# Exercise
Only the lines from the one with "雅安市新型冠狀病毒肺炎集中收" through the end of the data below belong in the answer, restated word for word, pictures excluded.
[Given data Boundary: Start]
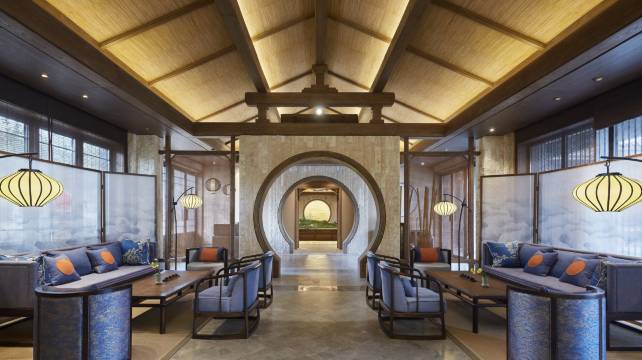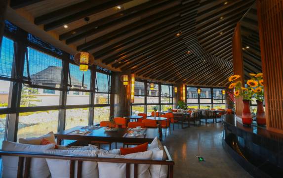 天台山温泉水采自天台山地下水源,水质呈弱碱性,富含多种有益人体健康的矿物质成分,能明显改善皮肤血液循环,增强新陈代谢和抗病能力。可软化皮肤,浴后会感到皮肤光滑柔软,清爽舒适。客栈依山而建,台阶式的古部落的文化外观,以内外三层圆形结构,象征太阳光辉普照大地的形象。客栈根据《史记.太史公记载》“夫阴阳四时、八位、十二度、二十四节各有教令”打造,把太阳文化和时辰与节气相结合。从内到外共分三层,最内层是360度圆形全日观景餐厅,能够满足客人自助以及点餐需要。
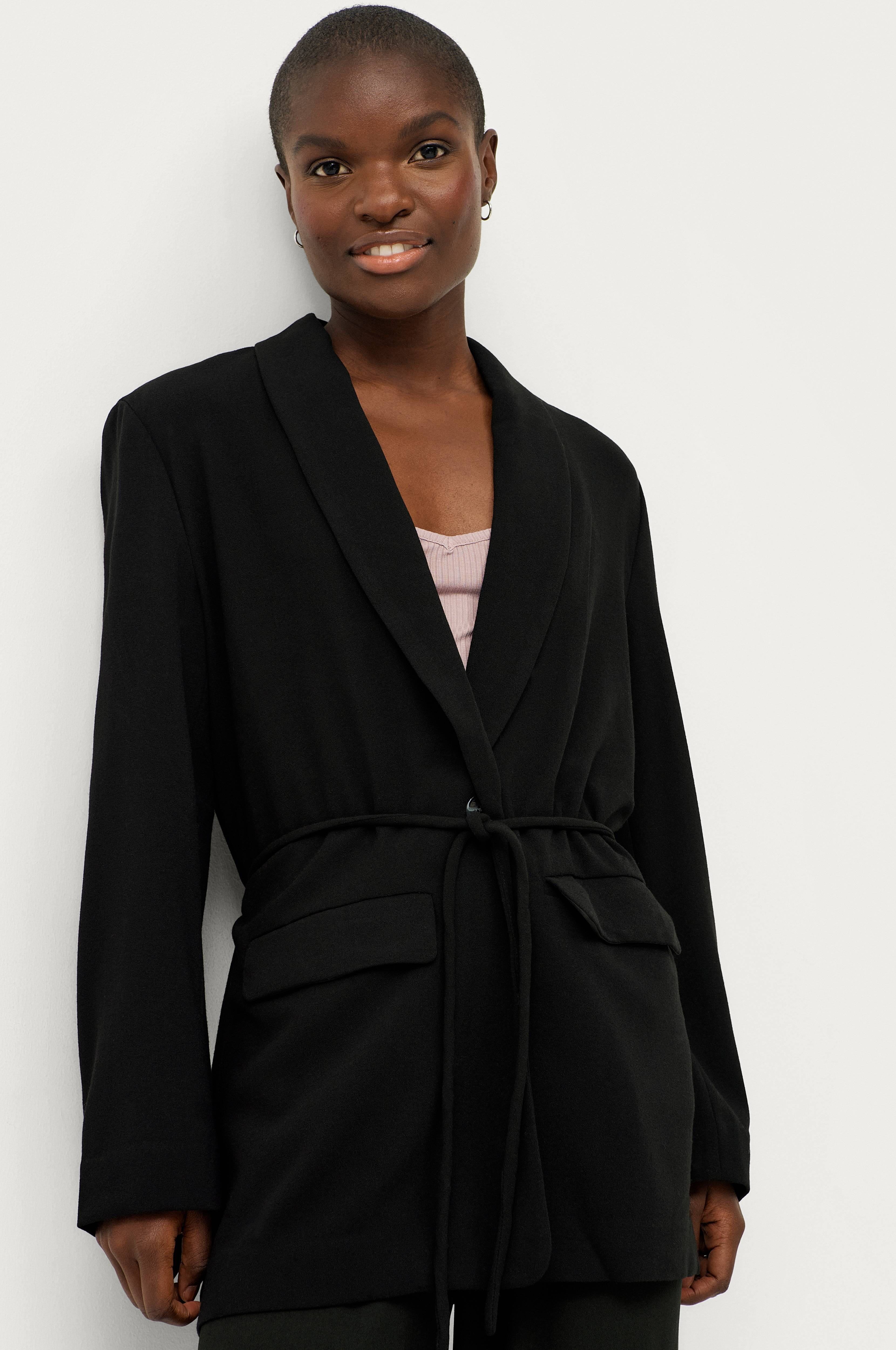 • Smalt knytskärp i midjan• Fickor fram• Kort slits nedtill bak• Ofodrad
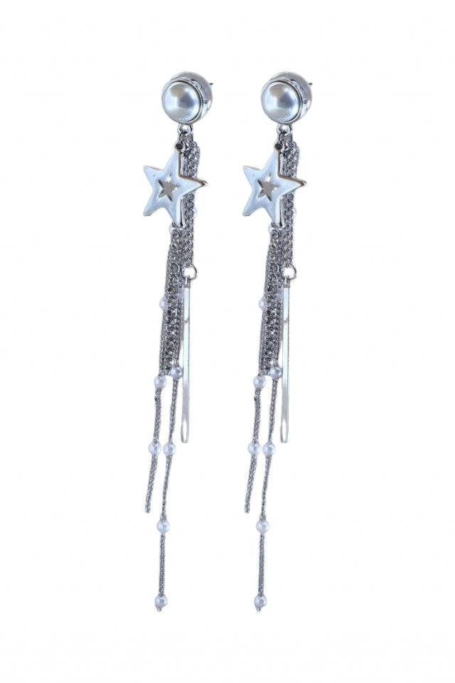 Cercei dama, Lungi, Perla, Otel inoxidabil, NO1319, 7 cm, Argintiu
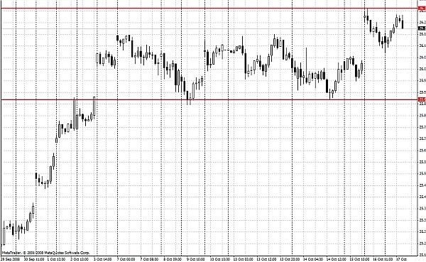 Консультационный управляющий Forex и международные рынки ИК "Финам" Вадим Титков уверен, что "цена доллара движется в четком диапазоне, нижняя граница которого - 25,80, а верхняя - 26,30. Однако, вероятно, что уже в ближайшее время после пробития уровня 26,50 возможен дальнейший рост до 27 рублей за один доллар. Технически это вполне возможно". Благоприятное воздействие на котировки валюты оказал "положительный ответ" по выкупу неликвидных акций. И в этом плане рынок работает "на ожиданиях". Однако, надо понимать, что в экономике США пока не видно никаких серьезных оснований для роста стоимости доллара.
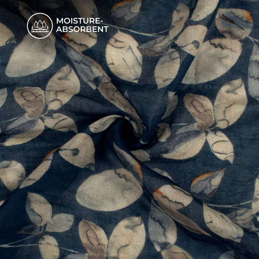 -11% offNavy Blue And Beige Leaf Digital Print Pure Cotton Mulmul Fabric Navy Blue And Beige Leaf Digital Print Pure Cotton Mulmul Fabric
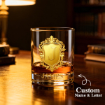 Custom Gold Badge: Features a striking, three-dimensional gold badge design that can be customized with initials and names
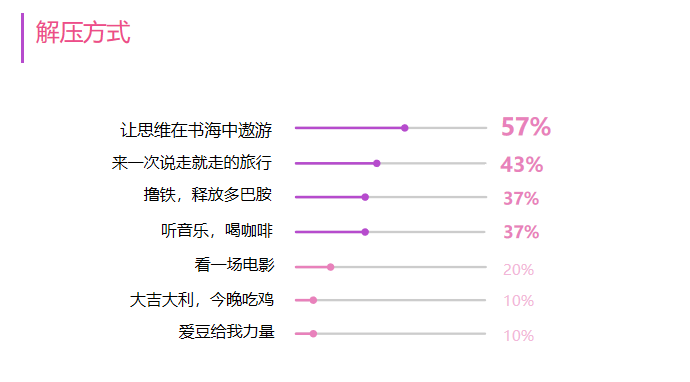 调研数据显示,30位上榜女性创业者中有21位目前工作“压力一般,在适当范围内”,占比70%。同时,通过调研我们了解到,读书、旅行、撸铁、听音乐已成为她们当下最喜欢的解压方式,其中读书占比最高,为57%,从她们推荐的书籍来看,刘慈欣的科幻小说《三体》备受推崇。
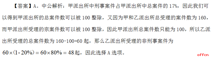 例3.兩個派出所某月共受理案件160起,其中甲派出所受理的案件中有17%是刑事案件,乙派出所受理的案件中有20%是刑事案件,問乙派出所在這個月中共受理多少起非刑事案件?
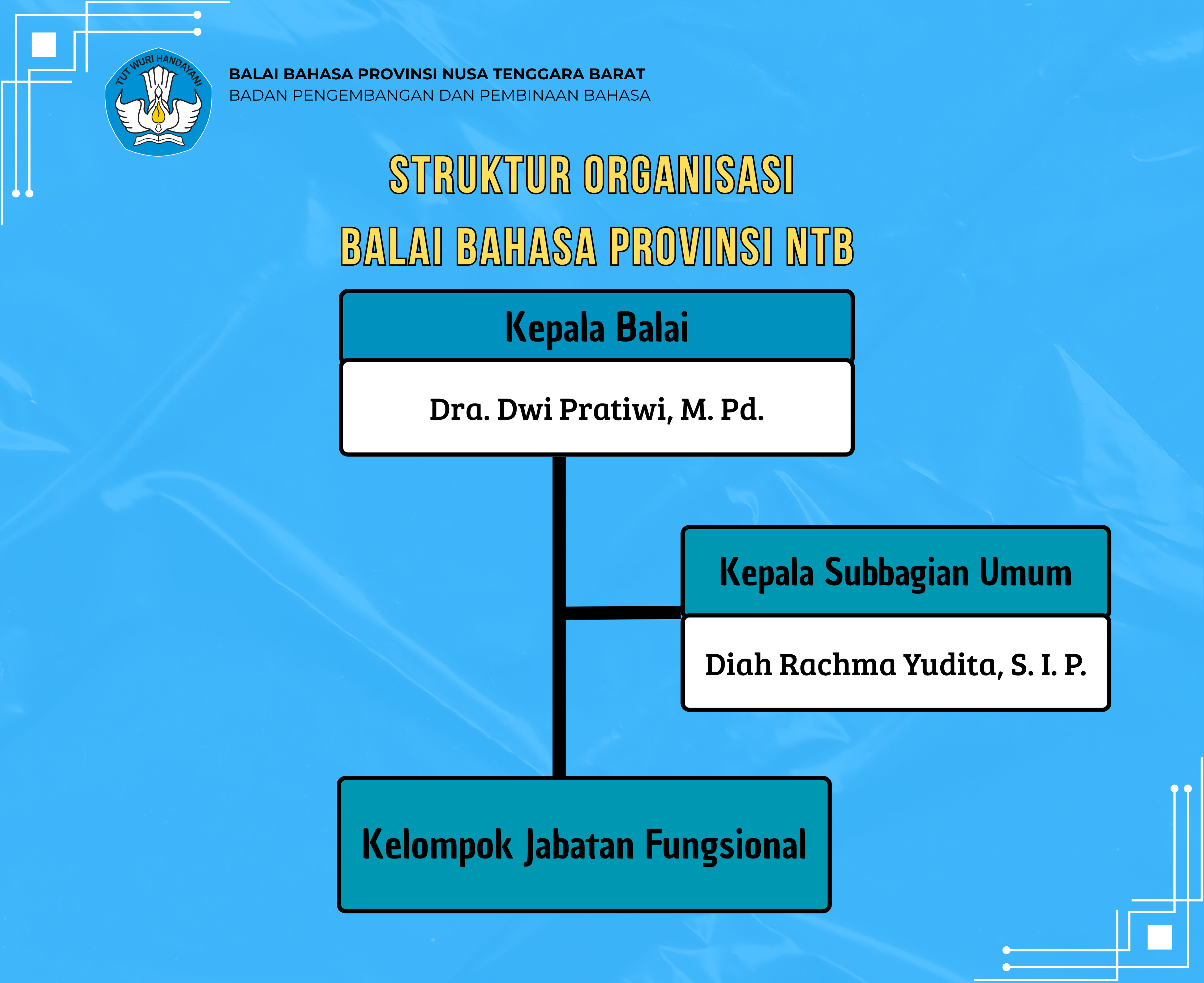 Susunan Organisasi Balai Bahasa Provinsi Nusa Tenggara Barat terdiri atas Kepala, Kepala Subbagian Umum, dan Kelompok Jabatan Fungsional.
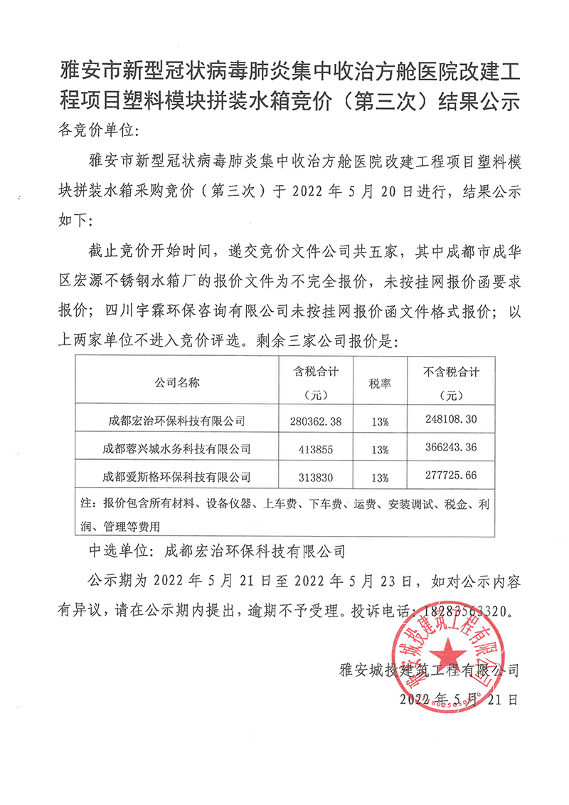 雅安市新型冠狀病毒肺炎集中收治方艙醫(yī)院改建工程項目塑料模塊拼裝水箱競價(第三次)結(jié)果公示
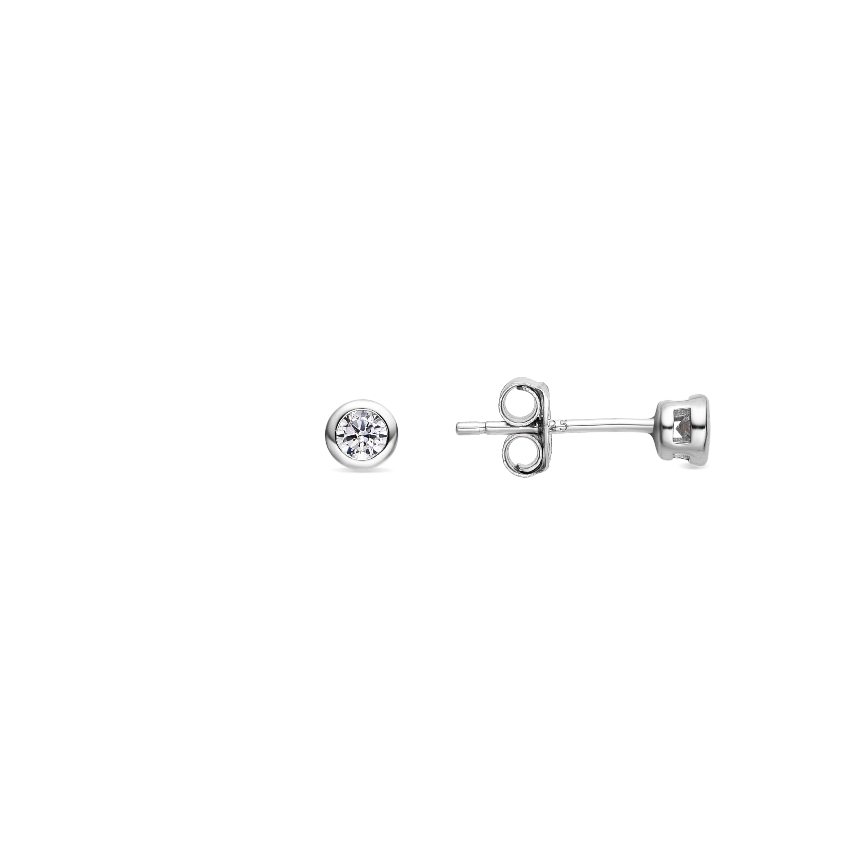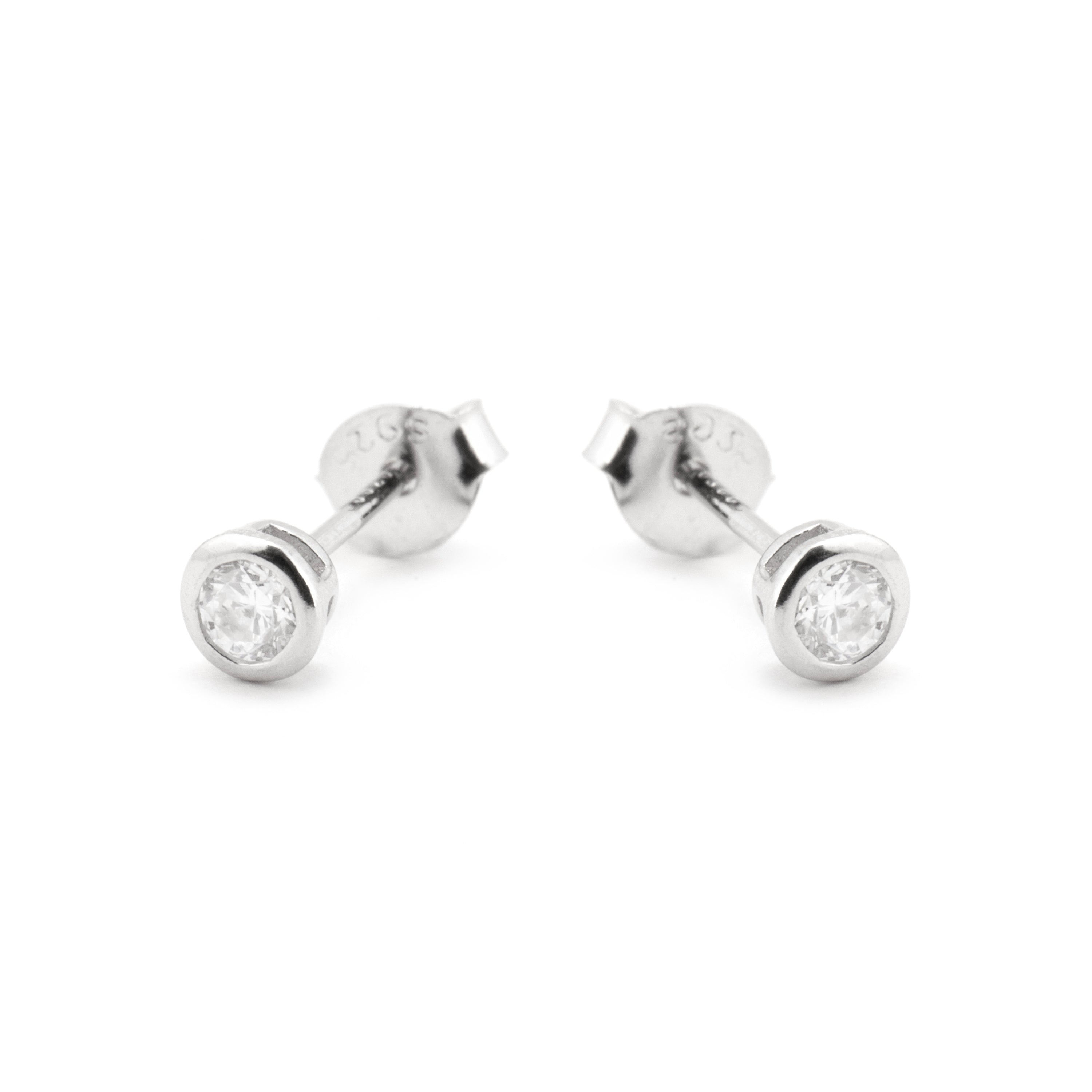 Pendientes Basili de Plata de Ley 925 y Circonita Brillante acabado en rodio. Essential encarna la sencillez refinada, piezas atemporales con líneas suaves y el brillo adicional de las circonitas. Joyas básicas sin pretensiones que son perfectas para el uso diario, pero también pueden funcionar en ocasiones especiales.
[Given data Boundary: End]
# Result of this exercise
 雅安市新型冠狀病毒肺炎集中收治方艙醫(yī)院改建工程項目塑料模塊拼裝水箱競價(第三次)結(jié)果公示
 Pendientes Basili de Plata de Ley 925 y Circonita Brillante acabado en rodio. Essential encarna la sencillez refinada, piezas atemporales con líneas suaves y el brillo adicional de las circonitas. Joyas básicas sin pretensiones que son perfectas para el uso diario, pero también pueden funcionar en ocasiones especiales.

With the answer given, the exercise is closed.